These are the key concepts you need to understand to accurately answer the question.

Radiation Heat Transfer
Radiation heat transfer is one way energy moves from a hotter object to a cooler one without needing a medium in between. Imagine the sun warming your face: that's radiation heat transfer taking place across space!
This type of heat transfer plays a crucial role in many natural and industrial processes.
  • **Direct Transfer:** Unlike conduction and convection, radiation doesn't require molecules to pass on energy. This makes it unique as it can occur through a vacuum.
  • **Electromagnetic Waves:** Energy is emitted in the form of electromagnetic waves, mainly in the infrared spectrum, which is why we feel heat even if there's no physical contact.
In the context of the Pyrex tile, radiation heat transfer occurs as the tile cools down by emitting thermal radiation to its cooler surroundings.
It's an efficient way for heat to dissipate when there’s a significant temperature difference, like between the tile and the ambient air.
Emissivity
Emissivity is a measure of a material's ability to emit thermal radiation. Think of it as a material's efficiency in cooling itself by radiating energy. In simple terms, it's how well a surface can radiate energy compared to a perfect black body.
  • **Value Range:** Emissivity values range from 0 to 1. A value of 1 means the material is a perfect emitter, while 0 means it emits no radiation.
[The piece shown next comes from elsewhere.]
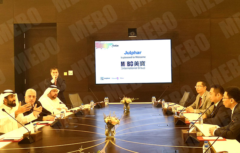 隨后,Julphar董事局主席Sheikh Saqer率副主席及高管團(tuán)隊(duì)與徐鵬主席率領(lǐng)的美寶團(tuán)隊(duì)就美寶集團(tuán)與Julphar的商務(wù)合作開(kāi)展了深入的會(huì)談,回顧了2009年以來(lái)雙方在商業(yè)合作領(lǐng)域取得成就,剖析了近年來(lái)市場(chǎng)發(fā)展遇到的問(wèn)題及挑戰(zhàn),會(huì)談達(dá)成多項(xiàng)共識(shí)。Sheikh Saqer向徐鵬介紹了3名新任董事會(huì)成員,他指出過(guò)去兩年多來(lái)Julphar 的發(fā)展遇到一系列問(wèn)題,包括與美寶集團(tuán)及其高層之間的交流溝通,并提出了一系列的改進(jìn)措施與建議。他強(qiáng)調(diào)未來(lái)必須建立董事局級(jí)別定期溝通渠道,保證雙方合作項(xiàng)目的順利執(zhí)行,也對(duì)未來(lái)雙方深化合作、再次騰飛充滿了信心。徐鵬提出精誠(chéng)合作、互信共贏是雙方30年來(lái)緊密合作的基礎(chǔ),雙方應(yīng)在醫(yī)藥業(yè)務(wù)加深加強(qiáng)合作外,還要加大在國(guó)際交流、國(guó)際高端學(xué)術(shù)活動(dòng)、社會(huì)企業(yè)責(zé)任等領(lǐng)域的深度合作,共同打造美寶-Julphar品牌。同時(shí)也特別指出雙方需要重視并探尋美寶技術(shù)產(chǎn)品在中東及非洲地區(qū)罕見(jiàn)病(如先天性皮膚缺損)的應(yīng)用契機(jī)。

  • **Material Dependency:** Different materials have different emissivity values; shiny metals might have lower values compared to non-metal surfaces.
For the Pyrex tile in our exercise, the emissivity is 0.80. This value means that Pyrex is quite good at emitting energy, though not as perfectly as a black body. This property is crucial in determining how effectively the tile can lose heat through radiation when it emerges hot from the curing process.
Stefan-Boltzmann Law
The Stefan-Boltzmann Law is foundational when calculating radiation heat transfer. It helps us determine how much heat an object can radiate based on its temperature and emissivity.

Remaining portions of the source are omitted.